Currently, I’m working with GoogLeNet (no pretraining), but I’d been dealing with this problem for a while with different architectures like ResNet or LeNet. It’s not a problem that persists over time, but I’m sure it indicates that something is not right.
Until now, I’d been choosing the highest learning rate possible before things messed up, but for this case with GoogleNet, I need the learning rate to be higher.
My training code is as follows:
def train_step(model, criterion, data_set, device, optimizer):
model.train()
for images, labels in data_set:
# Stating variables
images = images.to(device)
labels = labels.to(device)
# Clear gradients
optimizer.zero_grad()
# Forward step
output = model(images)
# Loss step
loss = criterion(output, labels)
# Backward step
loss.backward()
optimizer.step()
# Accuracy
top_p, prediction = output.topk(1, dim=1)

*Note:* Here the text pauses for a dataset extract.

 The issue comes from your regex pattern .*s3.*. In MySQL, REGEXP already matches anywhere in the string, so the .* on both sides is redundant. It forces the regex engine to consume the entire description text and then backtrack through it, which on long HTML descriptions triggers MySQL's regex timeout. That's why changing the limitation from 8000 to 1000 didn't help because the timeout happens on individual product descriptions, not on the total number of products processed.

equals = (prediction == labels.view(*prediction.shape))
# Saving data
total_loss = loss.item()
total_acc = torch.mean(equals.type(torch.FloatTensor))
break
return model, total_loss, total_acc
def val_step(model, criterion, data_set, device):
with torch.no_grad():
model.eval()
for images, labels in data_set:
# Stating variables
images = images.to(device)
labels = labels.to(device)
# Forward steo
output = model(images)
# Loss step
loss = criterion(output, labels)
# Accuracy
top_p, prediction = output.topk(1, dim=1)
equals = (prediction == labels.view(*prediction.shape))
# Saving data
total_loss = loss.item()
total_acc = torch.mean(equals.type(torch.FloatTensor))
break
return total_loss, total_acc
(I break the loop to get just one batch sample, I know there are better ways but for this case I’ve just been lazy)
Hyperparameters:
num_classes = 7
batch_size = 128
criterion = CrossEntropyLoss()
optimizer = SGD(models[0].parameters(), lr=0.01, momentum=0.7, weight_decay=0.001)
I also have a lr_scheduler but that is just besides the point here. I would appreciate it if someone could tell a way to solve this problem or if, in any case, things just work like this, and I have to keep going with low learning rates.